Learning without boundaries
A fresh and inspiring take on management education
John. L. Keifer
For a man who has 20 years of work experience and a strong research-oriented spell as an academic, John L. Keifer is rather friendly and down-to-earth. Dispelling the need for all formality, he is happy to slip into a chat about everything ranging from the changing face of the global economy to what the front page of a newspaper should look like. His inquisitiveness provides an insight into his curiosity about India and his willingness to learn about the market as well as the social set-up of an alien land.
Having taken over as interim director of the Ohio University-Christ College Academy for Management Education, he says that he wants to do everything to strengthen the programme. The recently introduced “Special Executive Admission Process” fits very well with our ideas about learning and management education, he says. “As the experience of a candidate increases, the learning curve of an individual deepens,” Mr. Keifer asserts. The programme will be open to students who have not less than 20 months of work experience and is designed to suit the requirements of employees who wish to take a break.

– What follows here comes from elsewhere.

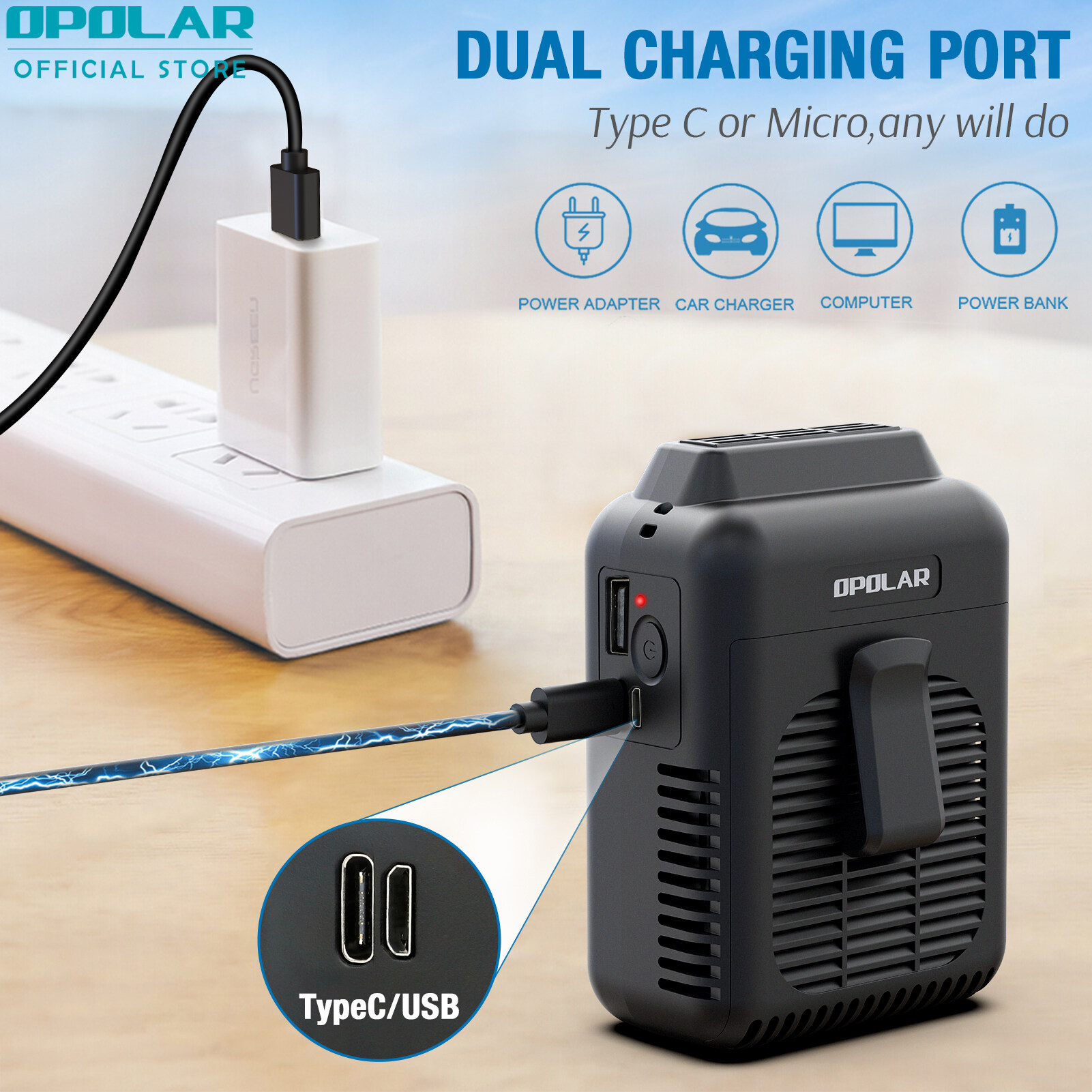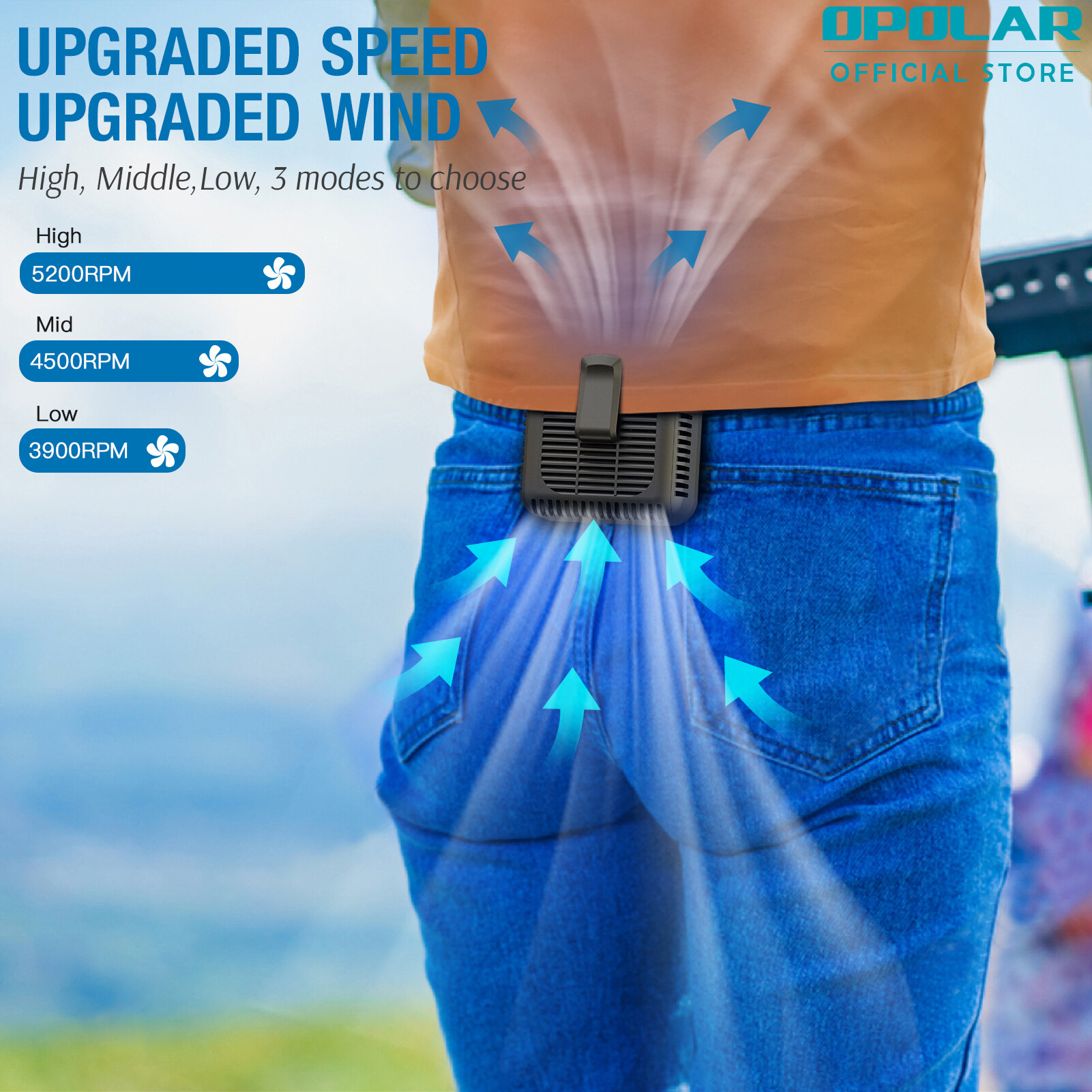 【Local Stock】OPOLAR 8000mAh Portable Waist Clip on Fan, Personal Neck Fan with 32H Working Time, Battery Powered Belt Fan, Adjustable air outlet, 3 Speed, Body Fan for Outdoor Working, Camping, Hiking

So, what does the professor think about the rapidly emerging trend of “Executive MBAs”? Though we may be looking at an executive MBA, we would prefer at least a short period of residency, Mr. Keifer says. The “without boundaries model” that he explains is one which will focus on specialised training and providing the right environment. His repertoire makes him the right man to talk about this since he has worked with public sector projects in Tenaga as well as taught State-owned enterprises of the Government of Serawak (both in Malaysia) about the nitty-gritty of resource allocation. “We aren’t looking at just one programme here. We’re in the process of conceptualising an education consultancy.”
The Ohio-Christ Management Academy will also be one of the first to introduce psychometric testing of candidates. Though he accepts that no one is going to be thrown out as a result of this test, it will help them understand the student better. “When we use this it helps us gain more insight and based on statistical averages we know where a student fits, which will only help us guide him better,” he explains.
Is a psychometric test as complex as it sounds? “No, certainly not! It’s by no means a screening device,” says the professor. “Personally, I would just look for people who are comfortable in their own skin. I had a student who came here and told me that he was here because he wanted to make his parents proud,” Mr. Keifer explains with an example. “And I asked him: What do you want to do?”
And of the few candidates that Mr. Keifer got the chance to meet or interview: “I found them extremely bright and intelligent, but we are looking for people who are self motivated, who are diverse in their personalities and who will add value to their classes with their originality.”